Task statement ▸ Using the data below, output a verbatim copy of the lines between the one holding "OAK BROOK, IL, UNITED" and the one holding "2017年3月,巴西出口棉花", inclusive, without any pictures.

Data extract ▸

· · · · · · ·

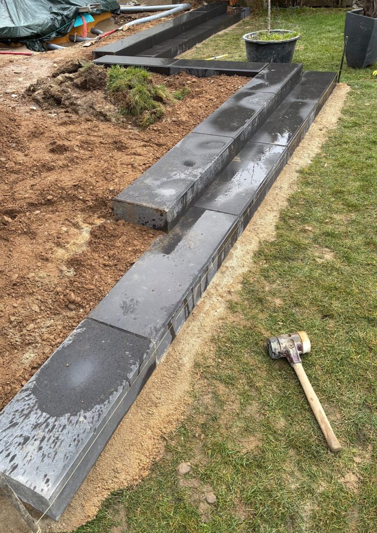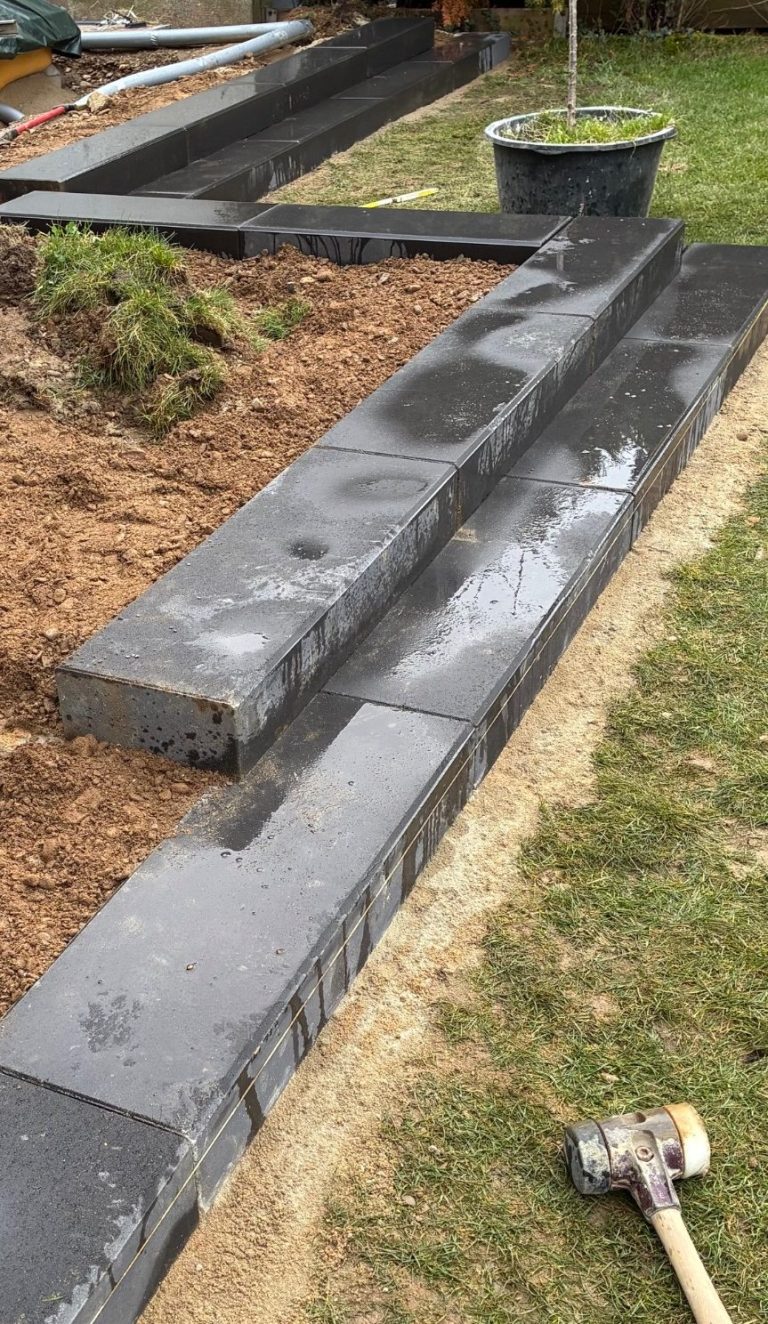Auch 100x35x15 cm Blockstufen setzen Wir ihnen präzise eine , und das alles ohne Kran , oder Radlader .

· · · · · · ·

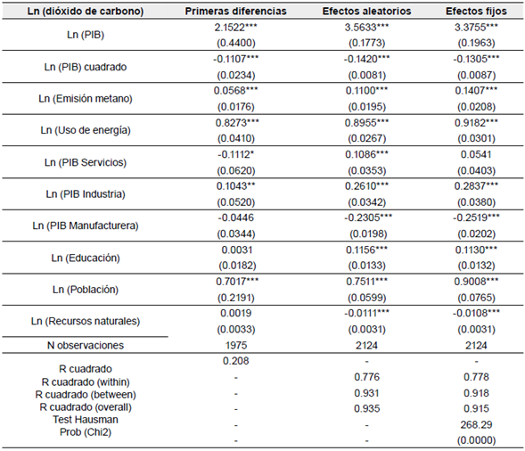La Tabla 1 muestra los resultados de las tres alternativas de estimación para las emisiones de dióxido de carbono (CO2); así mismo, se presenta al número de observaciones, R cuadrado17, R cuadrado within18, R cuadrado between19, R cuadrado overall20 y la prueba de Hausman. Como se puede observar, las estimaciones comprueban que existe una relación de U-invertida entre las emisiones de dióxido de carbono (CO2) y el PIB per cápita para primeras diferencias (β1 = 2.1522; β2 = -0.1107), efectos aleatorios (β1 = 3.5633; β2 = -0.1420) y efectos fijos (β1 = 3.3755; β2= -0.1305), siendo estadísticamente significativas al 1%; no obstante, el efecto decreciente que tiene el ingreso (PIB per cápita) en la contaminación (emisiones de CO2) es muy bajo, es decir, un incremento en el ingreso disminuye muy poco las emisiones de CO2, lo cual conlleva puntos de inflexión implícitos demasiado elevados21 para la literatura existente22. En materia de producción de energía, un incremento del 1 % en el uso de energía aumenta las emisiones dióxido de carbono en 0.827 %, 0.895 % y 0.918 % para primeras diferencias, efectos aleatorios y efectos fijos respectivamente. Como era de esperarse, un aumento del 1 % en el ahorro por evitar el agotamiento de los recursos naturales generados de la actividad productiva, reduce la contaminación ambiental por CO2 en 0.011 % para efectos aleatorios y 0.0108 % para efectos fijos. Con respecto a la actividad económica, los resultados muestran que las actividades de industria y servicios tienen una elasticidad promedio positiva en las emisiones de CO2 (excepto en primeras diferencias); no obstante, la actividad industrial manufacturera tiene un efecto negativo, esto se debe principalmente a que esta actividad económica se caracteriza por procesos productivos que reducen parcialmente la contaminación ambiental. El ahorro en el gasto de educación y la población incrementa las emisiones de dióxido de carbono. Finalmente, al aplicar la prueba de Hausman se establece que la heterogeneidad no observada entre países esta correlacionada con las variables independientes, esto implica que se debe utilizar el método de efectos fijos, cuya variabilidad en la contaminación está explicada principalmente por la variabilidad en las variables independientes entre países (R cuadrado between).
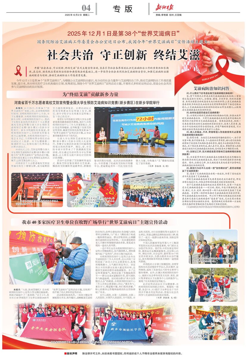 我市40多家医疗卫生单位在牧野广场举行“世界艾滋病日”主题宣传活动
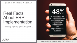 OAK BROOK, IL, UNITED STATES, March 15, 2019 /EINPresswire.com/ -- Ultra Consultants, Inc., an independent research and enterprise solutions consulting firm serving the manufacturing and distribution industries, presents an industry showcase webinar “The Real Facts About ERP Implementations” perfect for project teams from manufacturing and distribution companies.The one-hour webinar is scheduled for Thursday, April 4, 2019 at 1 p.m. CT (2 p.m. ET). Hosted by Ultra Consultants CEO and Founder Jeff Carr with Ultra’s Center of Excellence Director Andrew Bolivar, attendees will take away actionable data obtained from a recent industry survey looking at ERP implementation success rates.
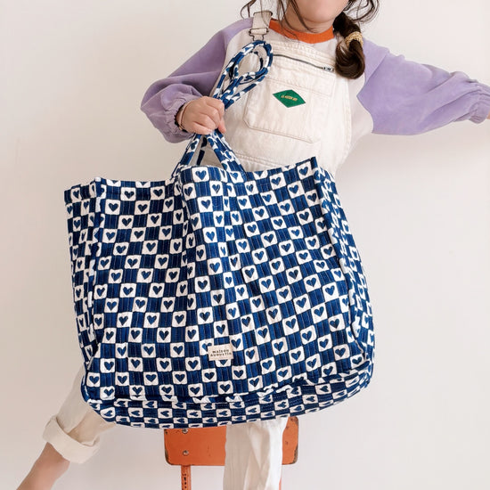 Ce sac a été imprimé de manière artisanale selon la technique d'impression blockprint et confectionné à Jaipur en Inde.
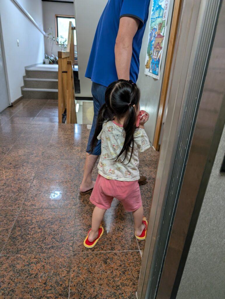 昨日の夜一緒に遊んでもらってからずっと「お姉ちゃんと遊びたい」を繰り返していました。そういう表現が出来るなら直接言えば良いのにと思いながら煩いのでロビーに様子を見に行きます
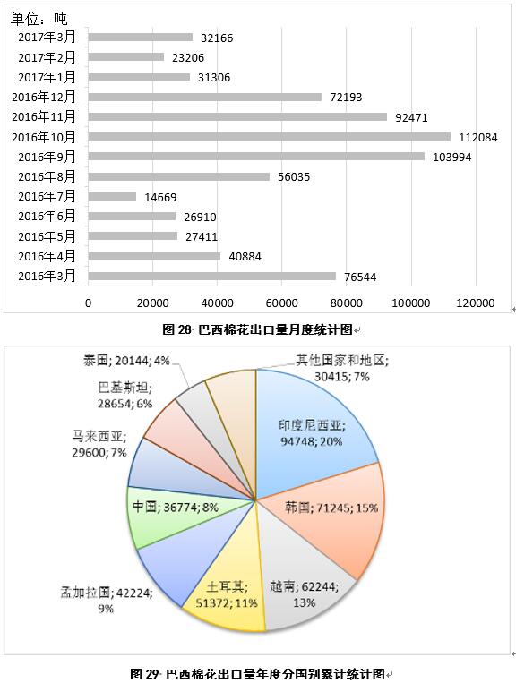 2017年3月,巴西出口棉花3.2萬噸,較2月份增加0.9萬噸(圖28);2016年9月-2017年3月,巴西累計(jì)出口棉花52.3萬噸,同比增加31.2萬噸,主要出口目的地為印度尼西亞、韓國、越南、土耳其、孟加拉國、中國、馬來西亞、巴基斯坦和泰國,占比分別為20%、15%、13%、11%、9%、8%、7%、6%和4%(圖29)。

· · · · · · ·

Completed task ▸
 OAK BROOK, IL, UNITED STATES, March 15, 2019 /EINPresswire.com/ -- Ultra Consultants, Inc., an independent research and enterprise solutions consulting firm serving the manufacturing and distribution industries, presents an industry showcase webinar “The Real Facts About ERP Implementations” perfect for project teams from manufacturing and distribution companies.The one-hour webinar is scheduled for Thursday, April 4, 2019 at 1 p.m. CT (2 p.m. ET). Hosted by Ultra Consultants CEO and Founder Jeff Carr with Ultra’s Center of Excellence Director Andrew Bolivar, attendees will take away actionable data obtained from a recent industry survey looking at ERP implementation success rates.
 Ce sac a été imprimé de manière artisanale selon la technique d'impression blockprint et confectionné à Jaipur en Inde.
 昨日の夜一緒に遊んでもらってからずっと「お姉ちゃんと遊びたい」を繰り返していました。そういう表現が出来るなら直接言えば良いのにと思いながら煩いのでロビーに様子を見に行きます
 2017年3月,巴西出口棉花3.2萬噸,較2月份增加0.9萬噸(圖28);2016年9月-2017年3月,巴西累計(jì)出口棉花52.3萬噸,同比增加31.2萬噸,主要出口目的地為印度尼西亞、韓國、越南、土耳其、孟加拉國、中國、馬來西亞、巴基斯坦和泰國,占比分別為20%、15%、13%、11%、9%、8%、7%、6%和4%(圖29)。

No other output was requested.